**Work order**
Print each line exactly, from the one with "25、某同学设计了如下一组实" to the very last line of the listing, and keep the pictures out.

**Supplied data**
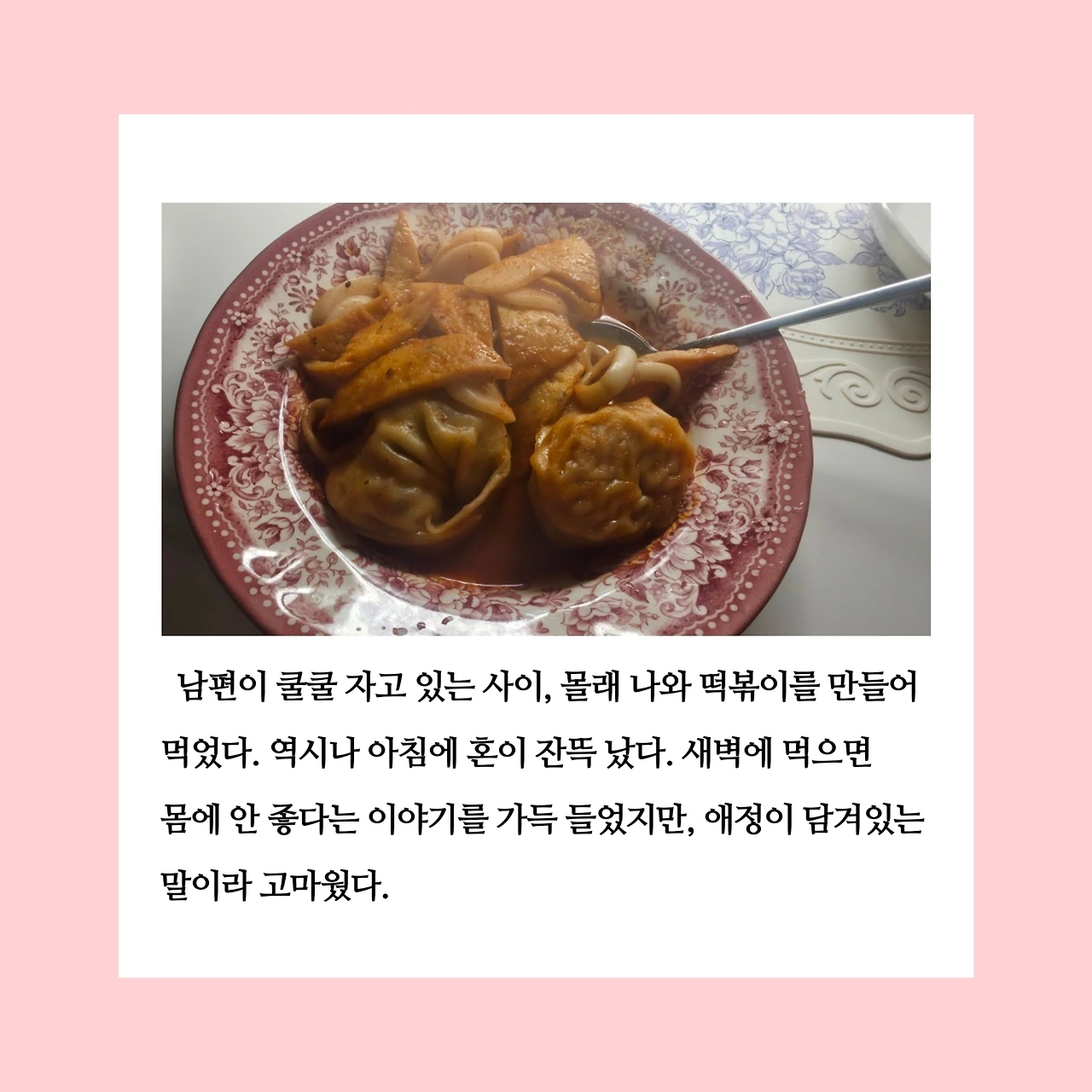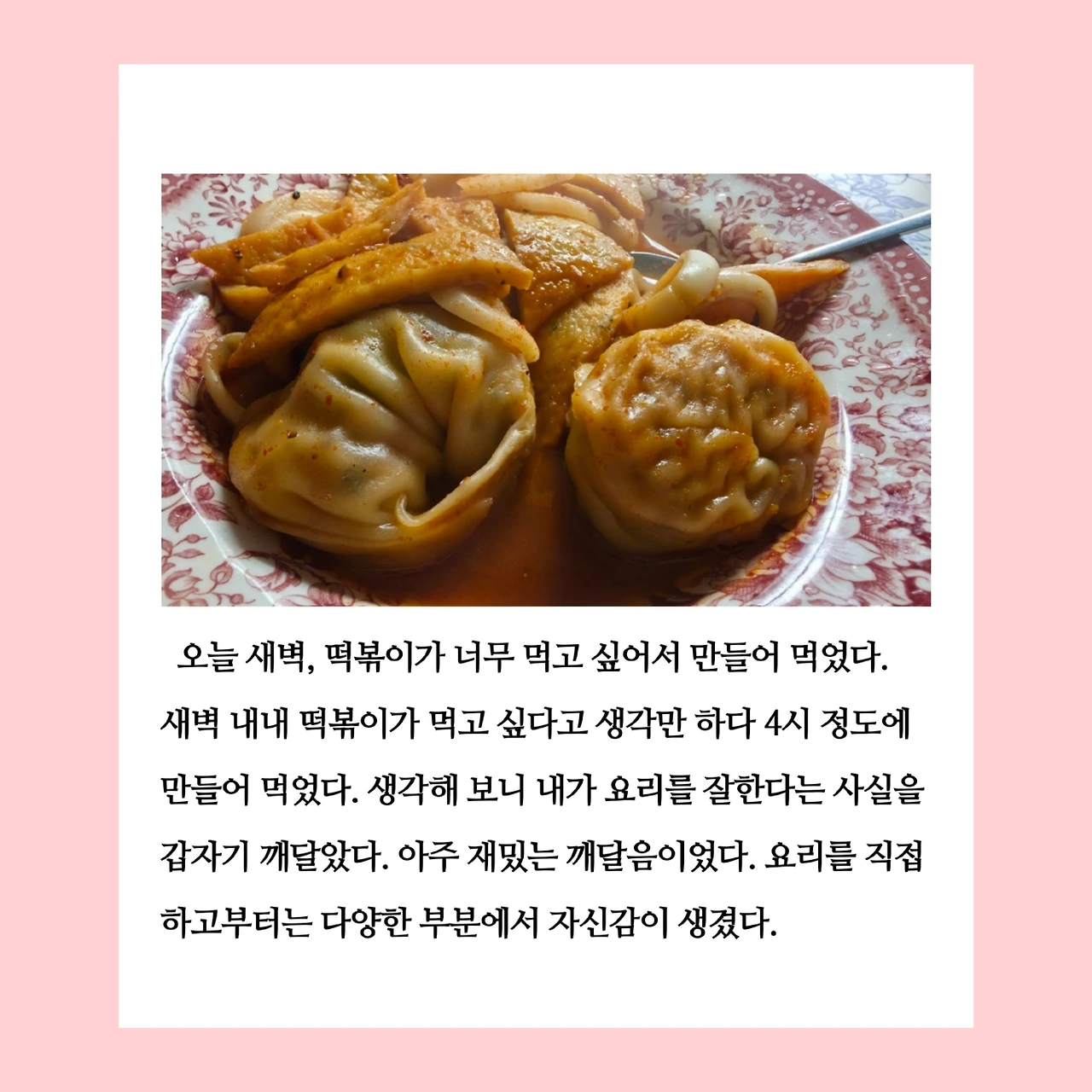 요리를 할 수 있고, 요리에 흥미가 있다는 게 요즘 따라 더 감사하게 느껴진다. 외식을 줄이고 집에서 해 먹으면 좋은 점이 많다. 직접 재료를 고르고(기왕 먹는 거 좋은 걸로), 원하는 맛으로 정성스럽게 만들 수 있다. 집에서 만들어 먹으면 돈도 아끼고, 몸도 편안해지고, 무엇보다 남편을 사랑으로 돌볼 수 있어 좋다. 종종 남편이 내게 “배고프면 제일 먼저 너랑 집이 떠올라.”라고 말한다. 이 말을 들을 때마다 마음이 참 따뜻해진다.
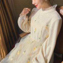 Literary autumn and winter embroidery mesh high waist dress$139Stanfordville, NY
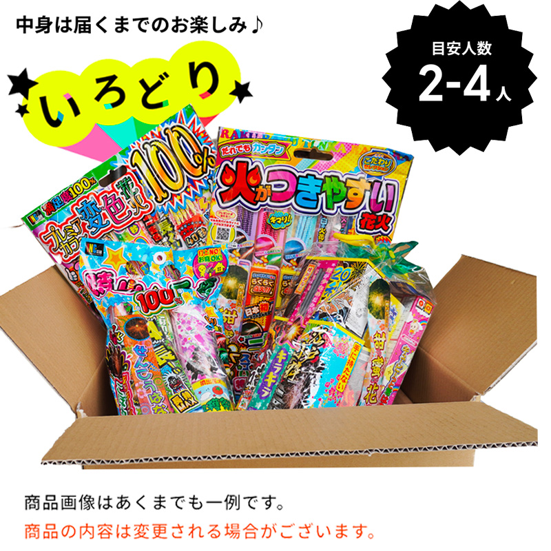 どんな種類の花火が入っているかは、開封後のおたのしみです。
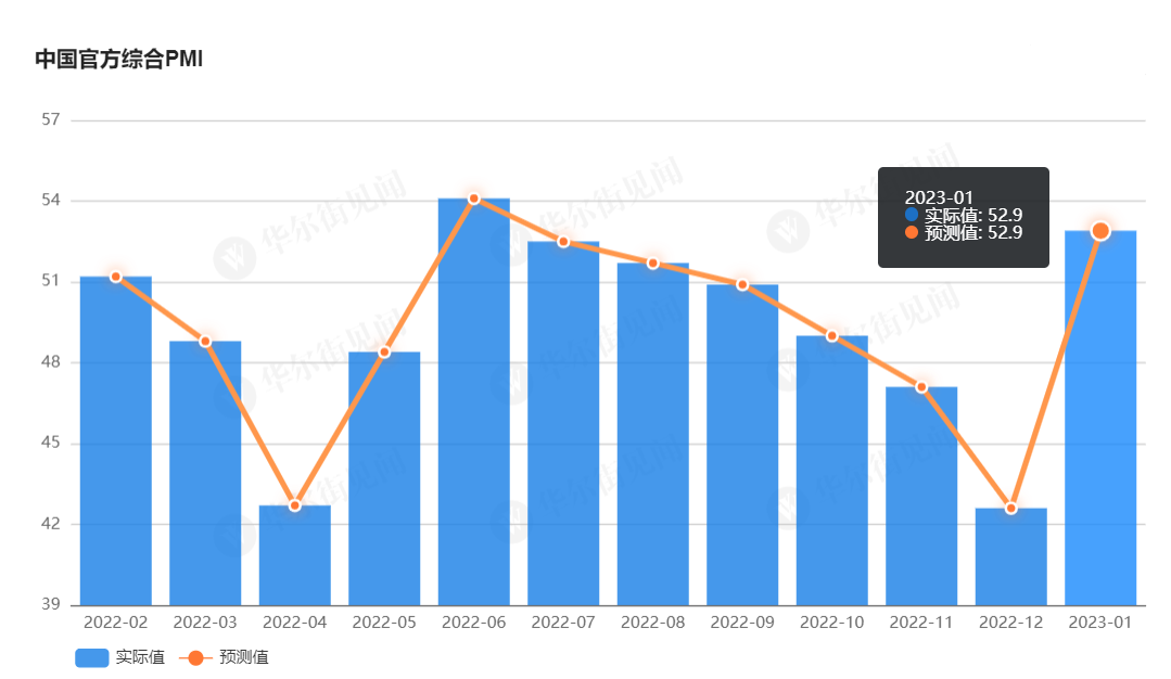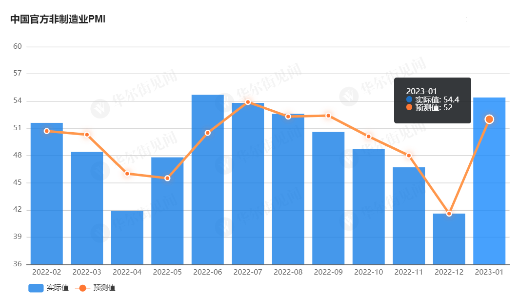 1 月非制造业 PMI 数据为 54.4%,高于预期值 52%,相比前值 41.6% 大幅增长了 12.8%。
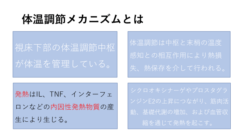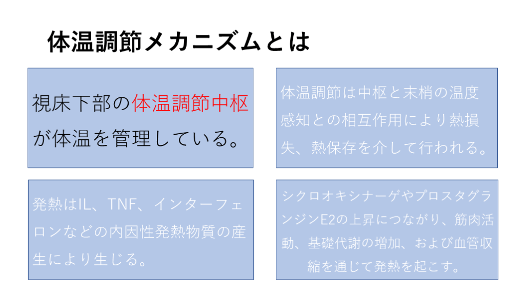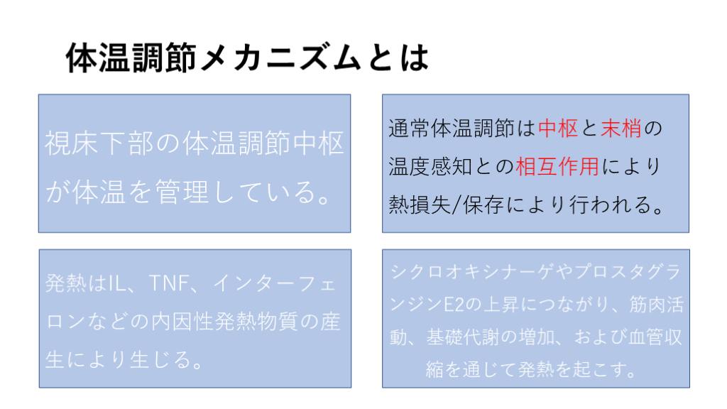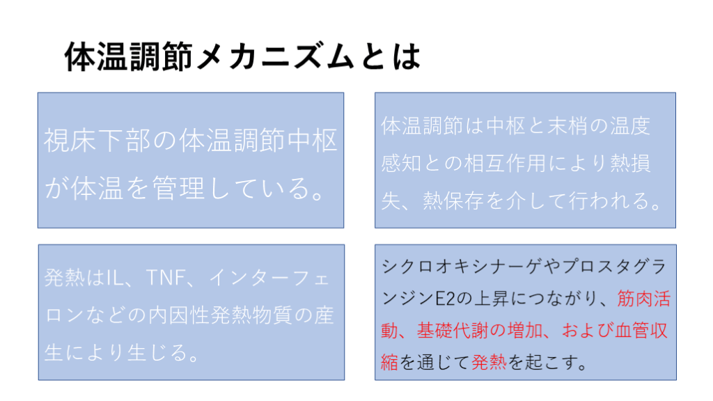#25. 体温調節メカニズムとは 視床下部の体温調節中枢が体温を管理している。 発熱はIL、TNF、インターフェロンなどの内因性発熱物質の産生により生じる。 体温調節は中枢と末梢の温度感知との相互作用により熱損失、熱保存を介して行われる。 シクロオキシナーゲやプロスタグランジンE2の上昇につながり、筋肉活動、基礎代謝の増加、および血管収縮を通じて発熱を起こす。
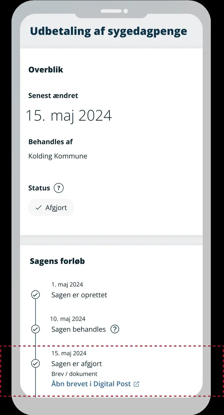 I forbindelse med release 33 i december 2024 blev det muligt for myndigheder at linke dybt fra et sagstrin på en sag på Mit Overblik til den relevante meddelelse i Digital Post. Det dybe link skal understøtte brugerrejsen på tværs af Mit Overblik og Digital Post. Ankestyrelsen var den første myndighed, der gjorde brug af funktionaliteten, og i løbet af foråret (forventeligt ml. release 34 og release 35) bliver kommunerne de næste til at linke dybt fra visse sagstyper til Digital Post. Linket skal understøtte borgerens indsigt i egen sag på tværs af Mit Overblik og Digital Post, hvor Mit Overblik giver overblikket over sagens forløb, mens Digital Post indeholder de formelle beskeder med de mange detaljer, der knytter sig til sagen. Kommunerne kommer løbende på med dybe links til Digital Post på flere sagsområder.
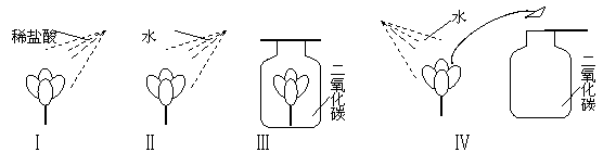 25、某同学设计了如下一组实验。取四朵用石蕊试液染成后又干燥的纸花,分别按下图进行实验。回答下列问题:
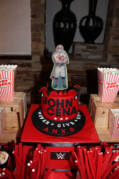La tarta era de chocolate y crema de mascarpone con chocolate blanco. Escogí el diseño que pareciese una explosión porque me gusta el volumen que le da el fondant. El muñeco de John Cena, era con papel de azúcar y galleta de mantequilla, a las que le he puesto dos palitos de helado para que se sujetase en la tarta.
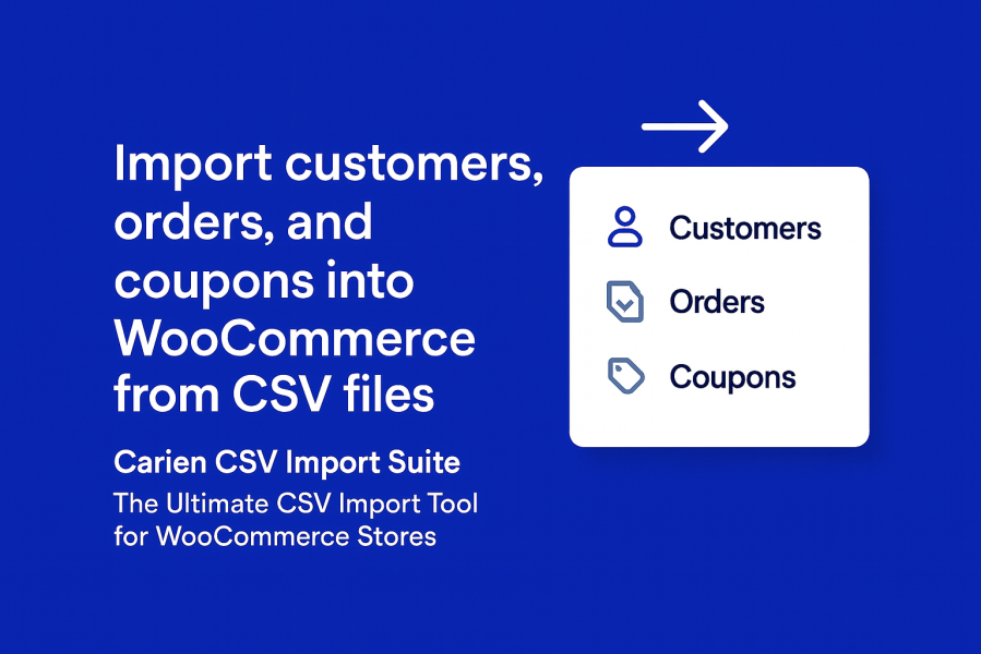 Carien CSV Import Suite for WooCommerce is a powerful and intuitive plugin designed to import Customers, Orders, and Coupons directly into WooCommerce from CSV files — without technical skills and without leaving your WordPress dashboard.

**Reply to the task**
 25、某同学设计了如下一组实验。取四朵用石蕊试液染成后又干燥的纸花,分别按下图进行实验。回答下列问题:
La tarta era de chocolate y crema de mascarpone con chocolate blanco. Escogí el diseño que pareciese una explosión porque me gusta el volumen que le da el fondant. El muñeco de John Cena, era con papel de azúcar y galleta de mantequilla, a las que le he puesto dos palitos de helado para que se sujetase en la tarta.
 Carien CSV Import Suite for WooCommerce is a powerful and intuitive plugin designed to import Customers, Orders, and Coupons directly into WooCommerce from CSV files — without technical skills and without leaving your WordPress dashboard.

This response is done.